### EXCERPTED DATA

##############################

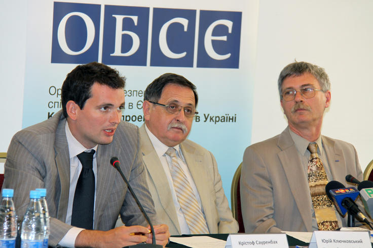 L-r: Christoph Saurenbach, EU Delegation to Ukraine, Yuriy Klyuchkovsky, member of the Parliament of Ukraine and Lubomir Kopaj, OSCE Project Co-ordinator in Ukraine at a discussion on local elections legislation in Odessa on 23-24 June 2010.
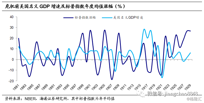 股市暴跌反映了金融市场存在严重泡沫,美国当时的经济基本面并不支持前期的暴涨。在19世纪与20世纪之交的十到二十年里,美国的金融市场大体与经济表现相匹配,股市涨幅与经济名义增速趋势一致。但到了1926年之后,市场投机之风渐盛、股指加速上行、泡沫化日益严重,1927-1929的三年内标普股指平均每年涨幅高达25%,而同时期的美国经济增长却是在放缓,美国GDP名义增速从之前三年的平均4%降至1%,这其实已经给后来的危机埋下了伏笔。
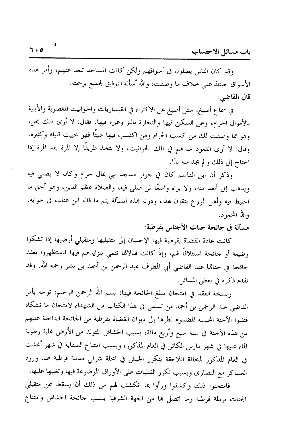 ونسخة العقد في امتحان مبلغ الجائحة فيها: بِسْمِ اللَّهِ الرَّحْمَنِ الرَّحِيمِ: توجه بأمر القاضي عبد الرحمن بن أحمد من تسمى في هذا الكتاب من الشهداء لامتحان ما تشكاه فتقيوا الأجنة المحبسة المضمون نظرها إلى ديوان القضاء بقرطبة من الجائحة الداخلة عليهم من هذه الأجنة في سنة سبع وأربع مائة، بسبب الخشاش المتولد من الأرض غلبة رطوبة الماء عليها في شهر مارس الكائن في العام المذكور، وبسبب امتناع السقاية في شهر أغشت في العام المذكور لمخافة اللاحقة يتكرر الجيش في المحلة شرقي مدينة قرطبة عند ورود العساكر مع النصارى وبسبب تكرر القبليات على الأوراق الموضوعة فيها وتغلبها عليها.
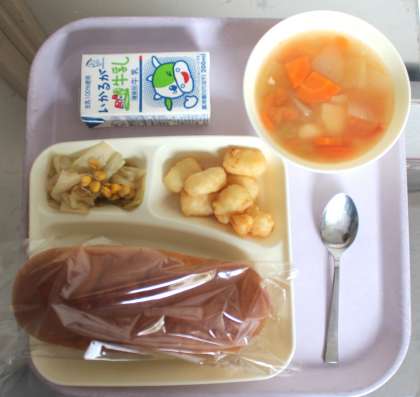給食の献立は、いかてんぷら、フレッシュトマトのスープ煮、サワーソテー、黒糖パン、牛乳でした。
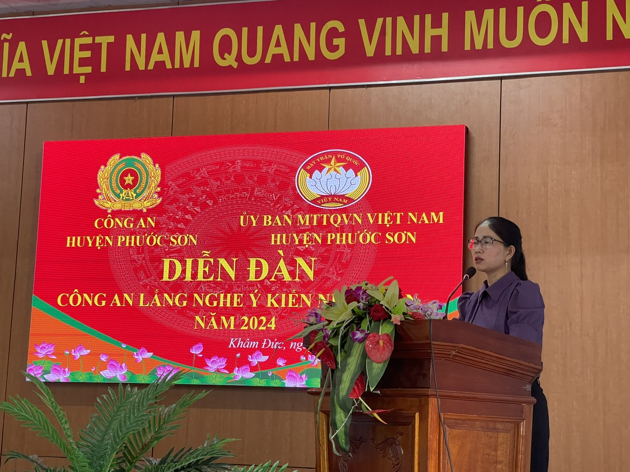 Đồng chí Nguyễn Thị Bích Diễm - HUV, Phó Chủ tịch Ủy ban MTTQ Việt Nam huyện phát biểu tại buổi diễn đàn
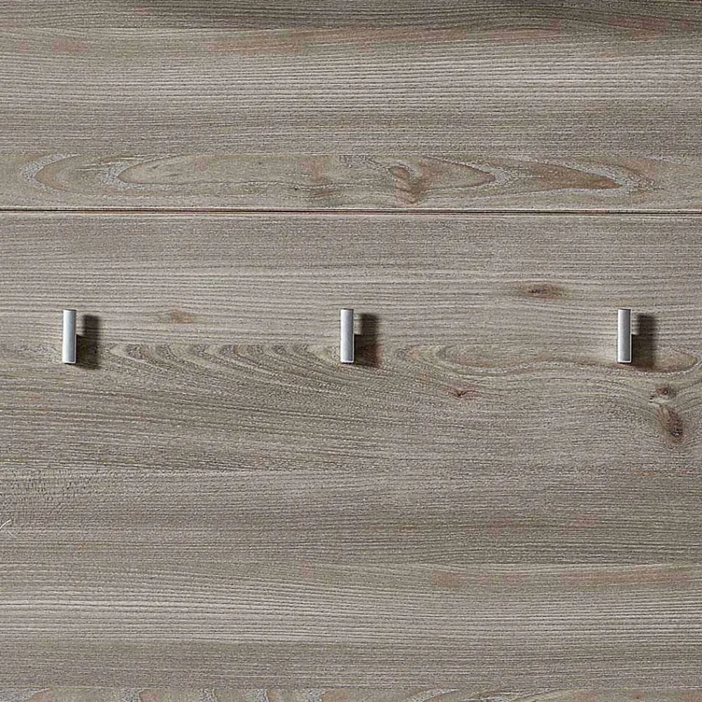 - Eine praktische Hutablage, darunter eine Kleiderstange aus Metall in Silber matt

##############################

### WHAT YOU NEED TO DO
From the first line of the records through the line with "股市暴跌反映了金融市场存在严", reproduce each line exactly and leave the pictures out.

### RESULT OF THIS TASK
 L-r: Christoph Saurenbach, EU Delegation to Ukraine, Yuriy Klyuchkovsky, member of the Parliament of Ukraine and Lubomir Kopaj, OSCE Project Co-ordinator in Ukraine at a discussion on local elections legislation in Odessa on 23-24 June 2010.
 股市暴跌反映了金融市场存在严重泡沫,美国当时的经济基本面并不支持前期的暴涨。在19世纪与20世纪之交的十到二十年里,美国的金融市场大体与经济表现相匹配,股市涨幅与经济名义增速趋势一致。但到了1926年之后,市场投机之风渐盛、股指加速上行、泡沫化日益严重,1927-1929的三年内标普股指平均每年涨幅高达25%,而同时期的美国经济增长却是在放缓,美国GDP名义增速从之前三年的平均4%降至1%,这其实已经给后来的危机埋下了伏笔。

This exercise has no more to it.